Les enquêtes internationales apportent un autre éclairage. Elles montrent que la France appartient aux pays d’Europe (avec les Pays-Bas, la Suède et le Royaume-Uni) où les Juifs sont le plus appréciés. Selon les travaux du Pew Research Center en 2019, 89 % des Français ont une opinion favorable à l’égard des Juifs dans leur pays, contre seulement 77 % des Italiens, 59 % des Polonais ou 51 % des Grecs (9). Même l’Anti-Defamation League, prompte à dénoncer les critiques d’Israël, classe la France dans son index de l’antisémitisme de 2023 comme l’un des pays les mieux notés et un de ceux qui ont le plus progressé depuis 2014 (10). Elle observe que l’on rencontre moins de préjugés antisémites dans les pays où vit une importante communauté juive.

Philippe Descamps

Une histoire singulière, un racisme parmi d’autres

Depuis le 7 octobre, le monde connaît une recrudescence de propos ou d’actes antisémites. Largement corrélées à l’évolution du conflit israélo-palestinien, ces démonstrations de racisme surviennent alors que l’on enregistre en France sur le long terme une progression de la tolérance en général et une acceptation plus forte des Juifs en particulier, en dépit de la persistance de certains stéréotypes.

Dans cette période « particulièrement difficile », le président de la Commission nationale consultative des droits de l’homme (CNCDH), M. Jean-Marie Burguburu, a fait une rare mise au point écrite, le 27 octobre dernier : « J’appelle l’ensemble des acteurs politiques à la retenue et à la plus grande prudence dans l’analyse de la situation. J’appelle aussi l’ensemble des acteurs médiatiques à cette même rigueur et cette même retenue. » Les travaux de la CNCDH permettent de replacer l’augmentation récente des actes antisémites dans une évolution de long terme vers une plus grande tolérance de la population française. Mais cet appel à la prudence et à la nuance a fait long feu.

Devant le Sénat, le ministre de l’intérieur Gérald Darmanin annonçait le 8 novembre 2023 que les services de police et de gendarmerie avaient procédé à 518 interpellations en un mois : « Il est tout à fait vrai qu’il y a actuellement une explosion des actes antisémites, constatait-il. Les 1 159 actes antisémites relevés depuis le 7 octobre dernier correspondent à trois fois plus d’événements antisémites connus pour toute l’année 2022. » Le ministre précisait qu’il avait pris des dispositions afin que les « 120 étrangers interpellés » pour de tels actes perdent leur titre de séjour. En outre, plus de 7 700 signalements d’un contenu illicite sur Internet ont été enregistrés sur la plate-forme Pharos de la police nationale.
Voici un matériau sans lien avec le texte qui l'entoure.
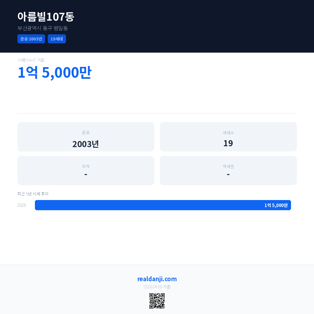 아름빌107동 최근 거래가는 1억 5,000만입니다. (2026-03)
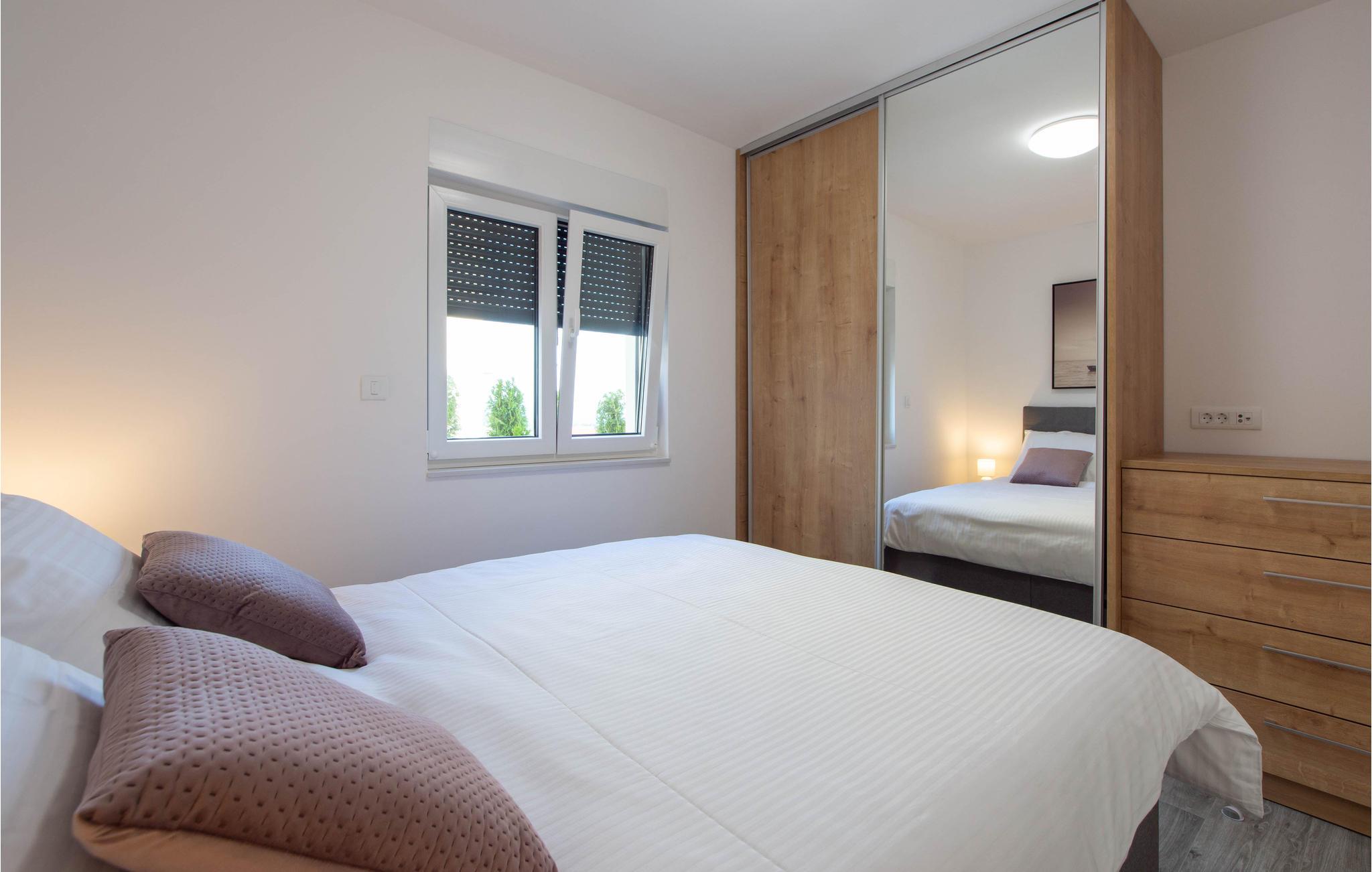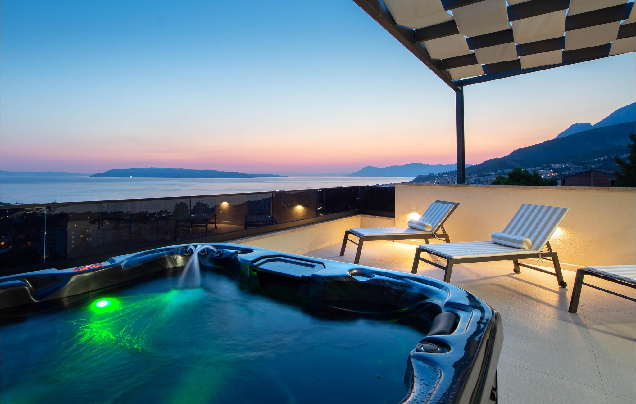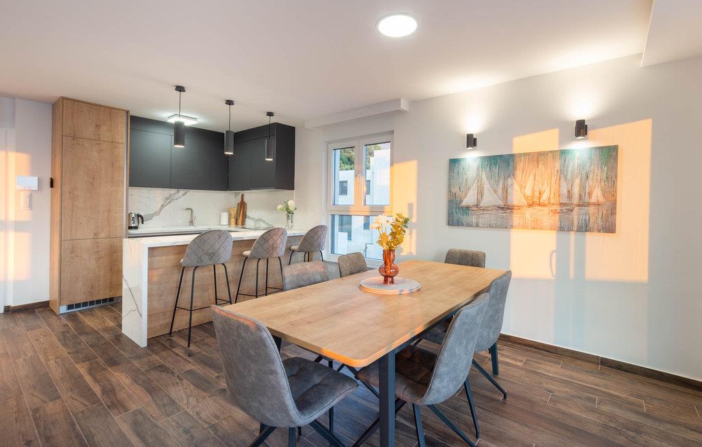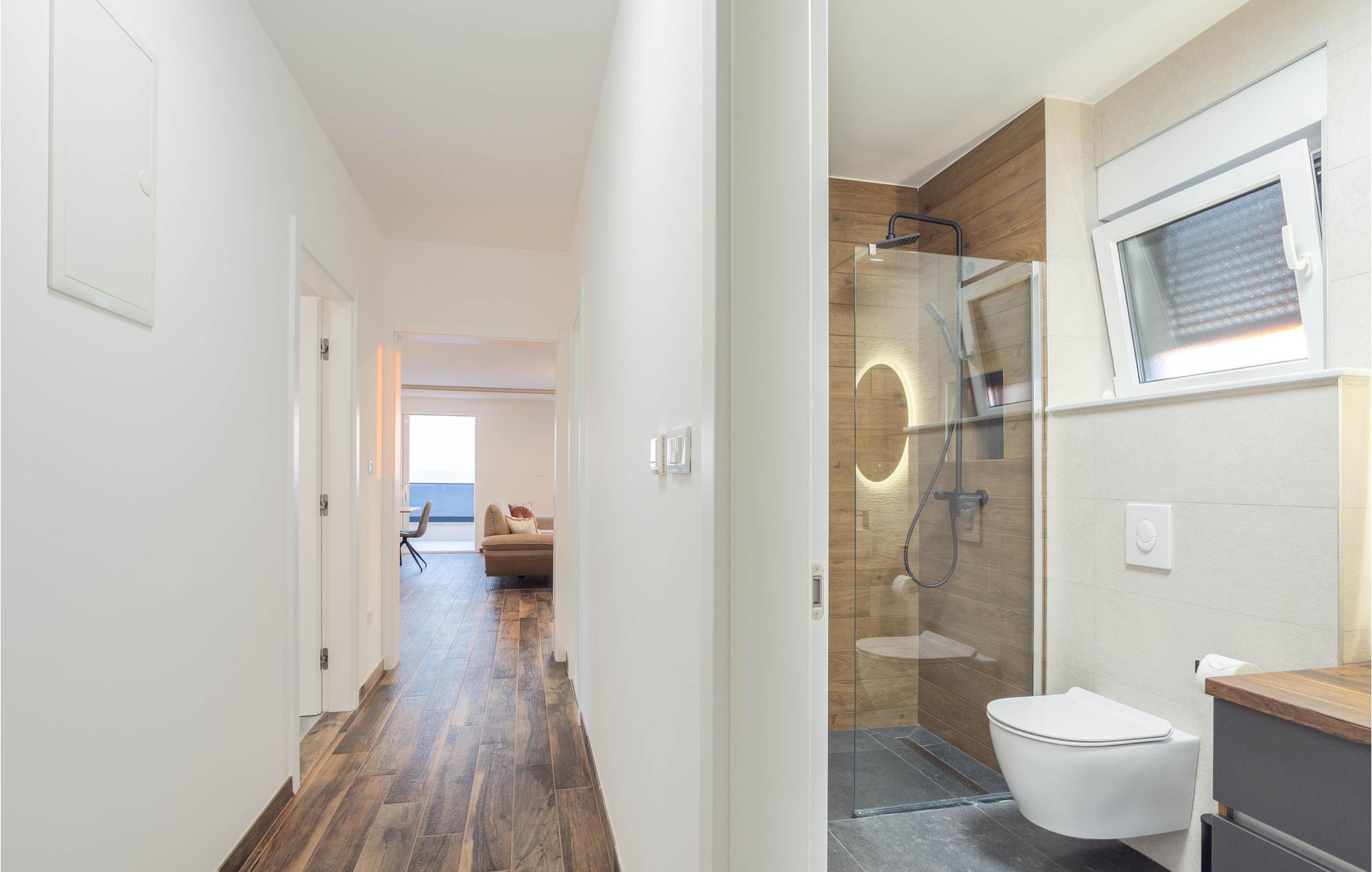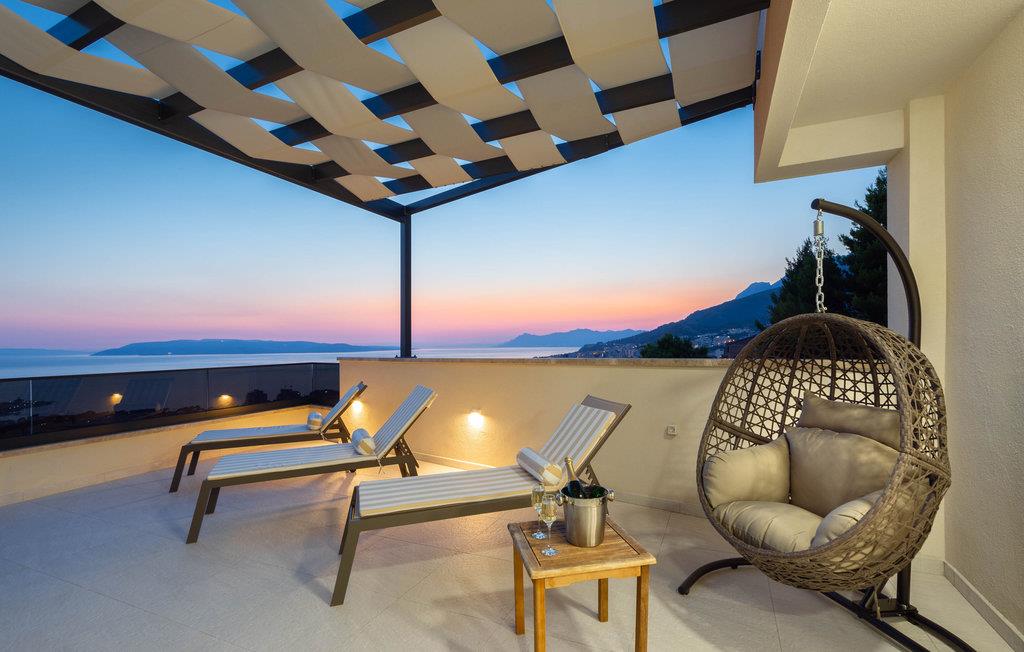 Planlægger I en ferie med familien? Så har I fundet jeres drømmebolig her. Denne stilfulde lejlighed i et moderne hus troner over centrum af Makarska. I kan næsten se det som jeres private hotel. Antallet af soveværelser, badeværelser og toiletter sørger for afslapning og privatliv. Den smarte indretning emmer af hygge, og den smagfuldt indrettede stue giver jer også mulighed for at lave noget i huset sammen med familien. Faciliteterne i huset fuldendes af et fitnessrum og et fritidsrum.

Ce recensement des actes antisémites, comptabilisé parmi les actes antireligieux, se heurte à plusieurs difficultés pratiques. « Au-delà de la porosité de la notion, il n’existe pas de statistiques publiques sur les actes antireligieux du fait de l’absence de qualification pénale autonome », constatait un rapport de mission rédigé à la demande du premier ministre Jean Castex (1). Le ministre de l’intérieur reprend les données du service central du renseignement territorial (SCRT), élaborées d’après les remontées des services de police et de gendarmerie, mais aussi avec le concours d’associations représentant les cultes : la Conférence des évêques de France (CEF) et le Service de protection de la communauté juive (SPCJ), qui émane des institutions juives de France. Le SCRT n’avait pas d’interlocuteurs ces dernières années pour les musulmans.

« Le SCRT insiste sur le fait que le contexte est systématiquement pris en compte pour qualifier le plus justement possible les faits », notait la mission sur les actes antireligieux. M. Darmanin compare le nombre d’actes recensés depuis le 7 octobre (1 518 au 14 novembre) aux 436 de toute l’année passée. En 2021, le SCRT avait comptabilisé 589 faits antisémites, 213 antimusulmans et 857 antichrétiens — cette dernière mention étant critiquée par la CNCDH, car elle englobe des dégradations commises dans les cimetières et les églises pas toujours liées à la religion.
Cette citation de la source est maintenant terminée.